After a great deal of experiment, the initiative was taken by Cyrus Field, who helped to float a company called the New York, Newfoundland and London Telegraph Company; this obtained concessions and subsidies from the British and American governments. Preparatory work was quickly undertaken to ascertain the practicability of transmitting signals through very long lengths of cable, and a survey of the North Atlantic seabed was then commissioned in order to establish the nature of the seabed upon which the cable must rest. There was also much discussion as to the best cable materials, and the means by which it might be insulated.

With these preliminaries complete, on 6th November, 1856 a prospectus was issued, inviting subscriptions to the Atlantic Telegraph Company, and British funds were readily forthcoming. American capital; however, was less easily obtained, and the necessary legislation in the Senate was at first violently opposed and was finally approved only after a close vote.

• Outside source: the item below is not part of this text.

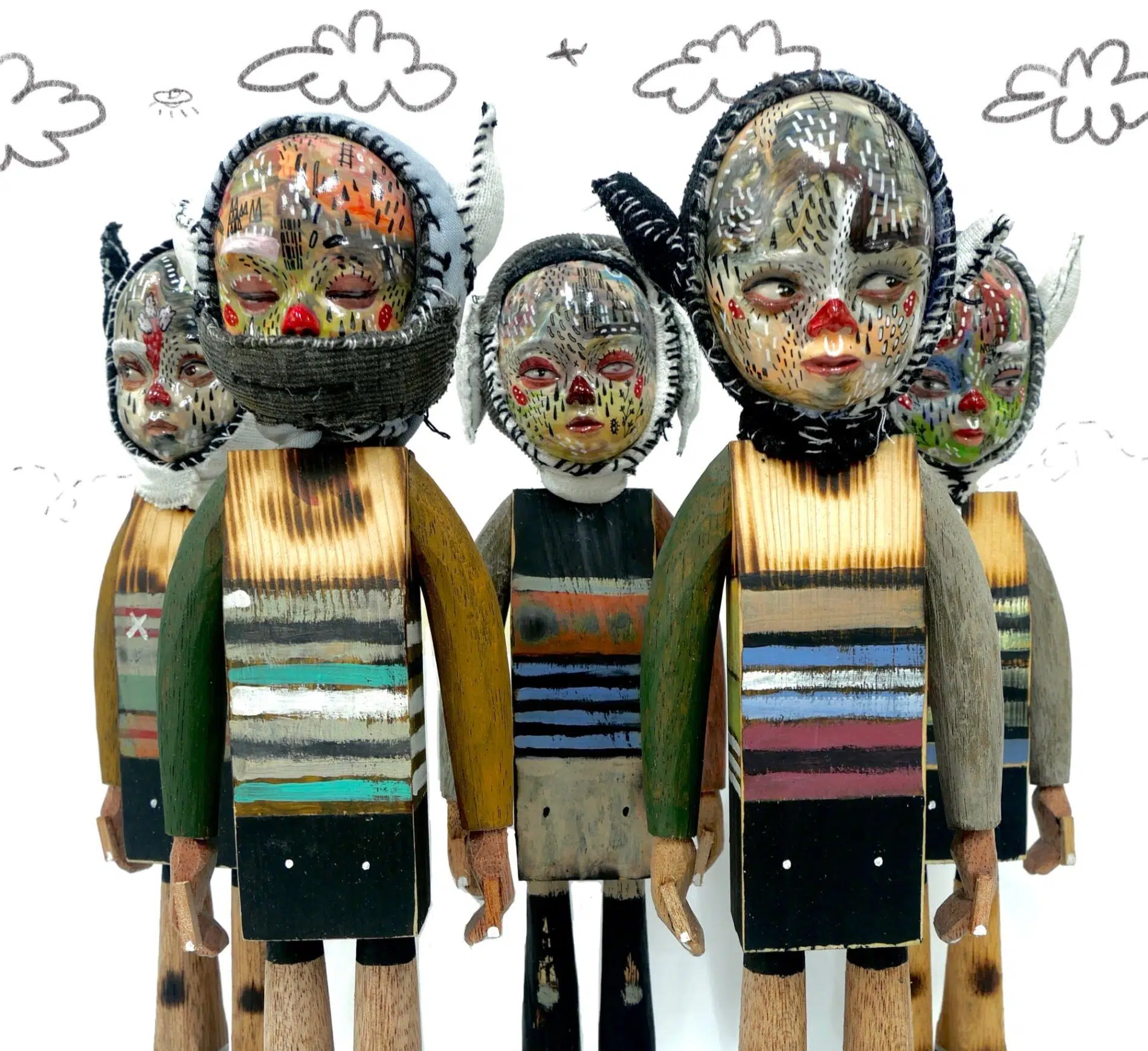 Esculturas de muñecos con expresiones caóticamente extrañas

In view of the great weight of cable required to span the Atlantic, it was decided to divide the burden between two vessels, the British government providing HMS Agamemnon, a line-of-battle ship, and the American government supplying the naval frigate Niagara. HMS Agamemnon, with her large hold and her machinery placed near the stern, was well adapted to her new task, and soon took on board huge coils of cable.

Valentia Harbour, the most westerly in Ireland, was the point from which the 1,834 miles of cable began to be paid out in August 1857, but a mishap prematurely ended operations: it was in the following year that HMS Agamemnon and her consorts resumed the complicated task of completing the transatlantic cable link. After many vicissitudes, the cable was successfully laid, coming ashore in Trinity Bay, Newfoundland. Soon afterwards, in August 1858, messages were passed between Queen Victoria and James Buchanan, President of the United States. About 400 messages were passed before communications were broken. Opinion was divided as to the cause of the breakage: some thought that inadequate insulation was responsible; others believed that insufficient cable had been prepared and paid out, preventing the cable coming to rest on the seabed.

This unhappy climax to so much ingenuity and enterprise was not to be the end of the story, however. The achievement of HMS Agamemnon and her consorts had demonstrated the possibilities which were to be exploited with success when Great Eastern completed the second link with the New World, and telegraphic communications were resumed in 1866.

The Mountbatten Medallic History of Great Britain and the Sea, John Pinches Medallists Ltd.